# Need a kick in the pants......



## lovemybabies (Oct 4, 2011)

SOme of you may know my story...going on 12 years married (20 years together since I was 15), 2 small children, all marriage sex maybe 4 times a year if that. We had a trial seperation this summer but had to go back to house together because of his shift work in Sept.

We have not talked about it since and have not been intimate or affectionate at all.  There is nothing left. We don't fight ever and just go about the day and the kids like there is nothing wrong. I suffer inside like I have all these years and he will NEVER bring it up. Always me after anxiety attack

I know I don't want this life, I feel so alone.

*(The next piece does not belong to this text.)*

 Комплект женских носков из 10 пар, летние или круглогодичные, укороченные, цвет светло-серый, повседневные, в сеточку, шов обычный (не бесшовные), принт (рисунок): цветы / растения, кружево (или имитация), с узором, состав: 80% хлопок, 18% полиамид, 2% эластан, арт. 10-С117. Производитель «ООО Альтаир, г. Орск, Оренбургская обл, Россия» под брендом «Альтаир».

Here's my problem....how do I bring it up and what do I say? I'm so scared and chicken out...someone set me straight please


----------



## HerToo (Oct 3, 2011)

Propose that you both attend marriage counseling to help you two individually and as a couple. Although you two are together with the kids, I doubt that it's setting a good example for them. Maybe I'm wrong.

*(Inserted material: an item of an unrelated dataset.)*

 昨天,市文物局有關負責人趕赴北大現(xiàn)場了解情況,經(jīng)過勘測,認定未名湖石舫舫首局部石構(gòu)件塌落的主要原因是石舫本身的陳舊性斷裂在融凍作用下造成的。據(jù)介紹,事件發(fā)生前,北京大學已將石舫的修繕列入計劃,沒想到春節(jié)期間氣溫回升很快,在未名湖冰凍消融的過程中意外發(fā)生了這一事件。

Not talking is just adding to the problem. When you do finally talk, focus on the relationship only.


----------



## lovemybabies (Oct 4, 2011)

we did marriage councelling and didn't help. He says I'm the one with the problem.


----------



## KittyKat (May 11, 2008)

Ouch! You have the problem? If he's not willing to talk to you about it, get your butt in gear and go get an attorney and serve him with papers. Maybe then he'll realize you are serious!

If you can't do that, find hobbies to fulfill you. I know it's difficult to find 'me' time when you have small children. Tell him you're going out and he needs to watch the kids. Go have some fun 

I'm almost in your position. It's easy to give the advice and much tougher to actually act on it.


----------



## HerToo (Oct 3, 2011)

I have to agree that you need to file. But you should also seek individual counseling to help yourself, and get some advice on how to help the kids.


----------



## Cooper (Apr 18, 2008)

If you truly truly are finished with the marriage and want out but are afraid to have that conversation how about writing a letter and asking your husband to read it as you sit there and wait. Be upfront and honest, tell him there are things you need to say but it is just to painful to find the words. At this point IF you are truly ready for divorce there is no sense making the letter an attack on your husband, as in I do this but you NEVER do that. Emphasize in the letter that you are unhappy and realize you both have different views and needs and will never be happy as a couple. 

Since you have children you need to go into damage control now, you will both still be parents and have occasional contact for the rest of your lives and you don't want to to deal with negative drama. Don't let yourself get walked on but don't stir the pot as the separation and divorce progresses. Focus on the future and let the past rest, divorce sucks but being unhappy everyday is much worse. 

Best wishes


----------